Data shown:
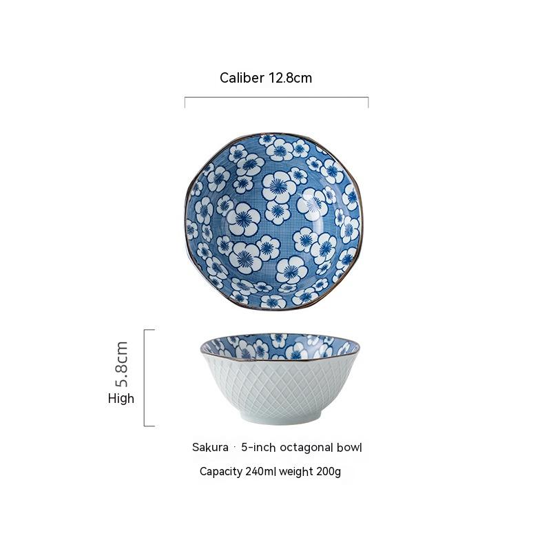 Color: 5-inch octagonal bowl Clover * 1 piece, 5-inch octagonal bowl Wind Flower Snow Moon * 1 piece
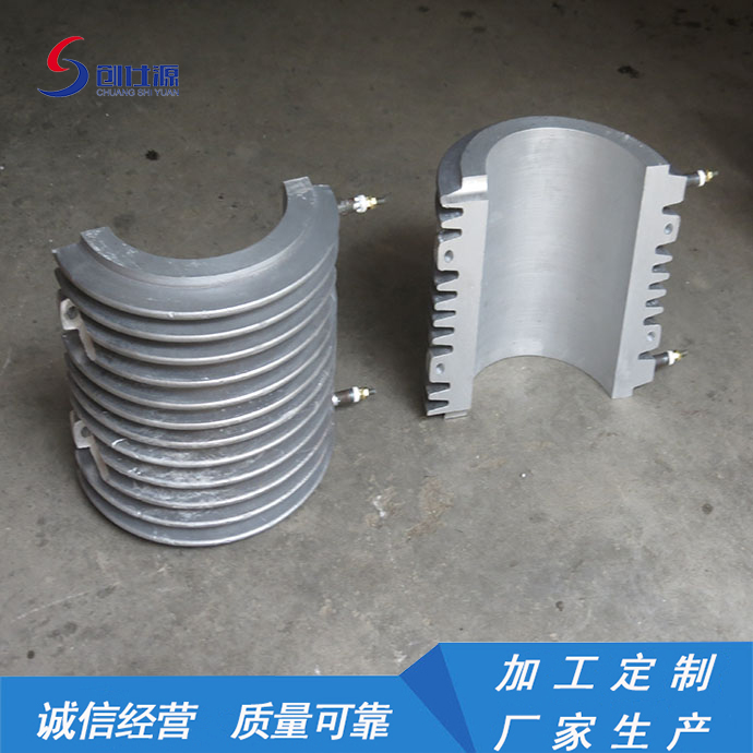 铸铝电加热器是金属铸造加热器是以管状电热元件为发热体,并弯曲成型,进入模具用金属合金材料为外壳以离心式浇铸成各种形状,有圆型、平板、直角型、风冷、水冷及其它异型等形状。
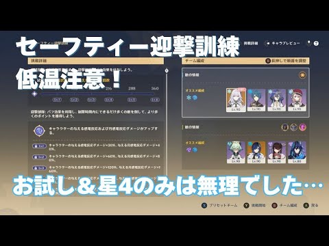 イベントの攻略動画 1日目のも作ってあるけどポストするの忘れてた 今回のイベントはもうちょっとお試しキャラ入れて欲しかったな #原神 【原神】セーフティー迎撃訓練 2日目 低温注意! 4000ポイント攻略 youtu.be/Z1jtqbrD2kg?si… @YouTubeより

What you will do:
Everything in the preceding material must be transcribed exactly, except the images.

Exercise result:
 Color: 5-inch octagonal bowl Clover * 1 piece, 5-inch octagonal bowl Wind Flower Snow Moon * 1 piece
 铸铝电加热器是金属铸造加热器是以管状电热元件为发热体,并弯曲成型,进入模具用金属合金材料为外壳以离心式浇铸成各种形状,有圆型、平板、直角型、风冷、水冷及其它异型等形状。
 イベントの攻略動画 1日目のも作ってあるけどポストするの忘れてた 今回のイベントはもうちょっとお試しキャラ入れて欲しかったな #原神 【原神】セーフティー迎撃訓練 2日目 低温注意! 4000ポイント攻略 youtu.be/Z1jtqbrD2kg?si… @YouTubeより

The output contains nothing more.